Royal Navy Admiral (1862–1936)

Admiral Bernard Currey (11 May 1862 – 6 June 1936) was a Royal Navy officer who commanded the 5th Battle Squadron.

==Naval career==
Currey was the son of Charles E. Currey, of Malling Deanery, Lewes. He joined the Royal Navy in 1876. He was promoted to lieutenant on 11 November 1882, and commander on 30 June 1895. In early 1901 he was posted to HMS Royal Arthur, flagship of the Australia Station, and transferred to HMS Blake for voyage home, before promotion to captain on 30 June 1901. He became commanding officer of the protected cruiser HMS Scylla in 1904, commanding officer of the protected cruiser HMS Terpsichore later that year and commanding officer of the armoured cruiser HMS Good Hope at the end of the year. He went on to be commanding officer of the cruiser HMS Black Prince in 1906, commanding officer of the battleship HMS Agamemnon in 1908 and commanding officer of the battleship HMS Exmouth in 1910.

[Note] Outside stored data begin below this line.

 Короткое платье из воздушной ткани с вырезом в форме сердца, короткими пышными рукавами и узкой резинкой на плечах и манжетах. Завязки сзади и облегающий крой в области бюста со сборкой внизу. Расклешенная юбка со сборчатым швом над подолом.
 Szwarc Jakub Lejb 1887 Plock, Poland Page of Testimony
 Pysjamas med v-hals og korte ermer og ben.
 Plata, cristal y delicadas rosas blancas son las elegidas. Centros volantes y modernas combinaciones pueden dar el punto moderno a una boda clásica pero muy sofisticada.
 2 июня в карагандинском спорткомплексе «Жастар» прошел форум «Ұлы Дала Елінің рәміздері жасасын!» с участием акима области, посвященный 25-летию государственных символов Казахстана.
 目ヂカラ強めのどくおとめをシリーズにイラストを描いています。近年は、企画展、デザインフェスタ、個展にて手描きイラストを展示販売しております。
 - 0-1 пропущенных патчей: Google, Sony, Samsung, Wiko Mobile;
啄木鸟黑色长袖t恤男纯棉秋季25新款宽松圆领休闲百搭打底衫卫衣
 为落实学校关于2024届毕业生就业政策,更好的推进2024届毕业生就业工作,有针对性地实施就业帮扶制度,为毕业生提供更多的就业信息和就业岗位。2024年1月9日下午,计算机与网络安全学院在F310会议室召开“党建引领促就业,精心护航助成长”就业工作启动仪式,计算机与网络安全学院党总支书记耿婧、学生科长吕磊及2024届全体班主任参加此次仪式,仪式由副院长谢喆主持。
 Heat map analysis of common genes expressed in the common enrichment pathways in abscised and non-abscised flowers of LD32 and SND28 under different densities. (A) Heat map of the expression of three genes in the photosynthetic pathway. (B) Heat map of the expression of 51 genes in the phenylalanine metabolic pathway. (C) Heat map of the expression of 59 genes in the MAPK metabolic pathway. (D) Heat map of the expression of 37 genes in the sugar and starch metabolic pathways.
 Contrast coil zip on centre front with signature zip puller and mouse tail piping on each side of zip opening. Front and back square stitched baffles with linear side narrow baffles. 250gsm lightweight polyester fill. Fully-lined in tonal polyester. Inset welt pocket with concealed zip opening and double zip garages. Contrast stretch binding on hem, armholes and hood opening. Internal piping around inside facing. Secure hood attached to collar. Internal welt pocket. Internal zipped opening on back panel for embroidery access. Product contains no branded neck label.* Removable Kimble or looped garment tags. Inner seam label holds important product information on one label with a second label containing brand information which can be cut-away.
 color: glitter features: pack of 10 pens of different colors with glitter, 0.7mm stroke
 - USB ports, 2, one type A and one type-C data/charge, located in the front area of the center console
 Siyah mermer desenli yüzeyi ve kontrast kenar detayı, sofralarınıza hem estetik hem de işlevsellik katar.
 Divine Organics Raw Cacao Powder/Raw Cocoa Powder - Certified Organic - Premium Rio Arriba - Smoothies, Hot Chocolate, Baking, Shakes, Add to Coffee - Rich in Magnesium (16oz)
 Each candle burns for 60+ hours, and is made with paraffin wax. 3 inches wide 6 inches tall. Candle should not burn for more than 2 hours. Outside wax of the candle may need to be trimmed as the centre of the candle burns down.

Currey became Rear Admiral, Home Fleet and President of Submarine Committee in 1913. He served World War I as Commander of the 5th Battle Squadron in the Channel Fleet from 1914 and then became Senior Naval Officer in charge of Gibraltar in 1915 before retiring in 1919.

==Family==
Currey married at Christ church, Lancaster Gate, on 29 November 1902, Maud de Vahl, daughter of Arthur D. S. de Vahl, of Hove.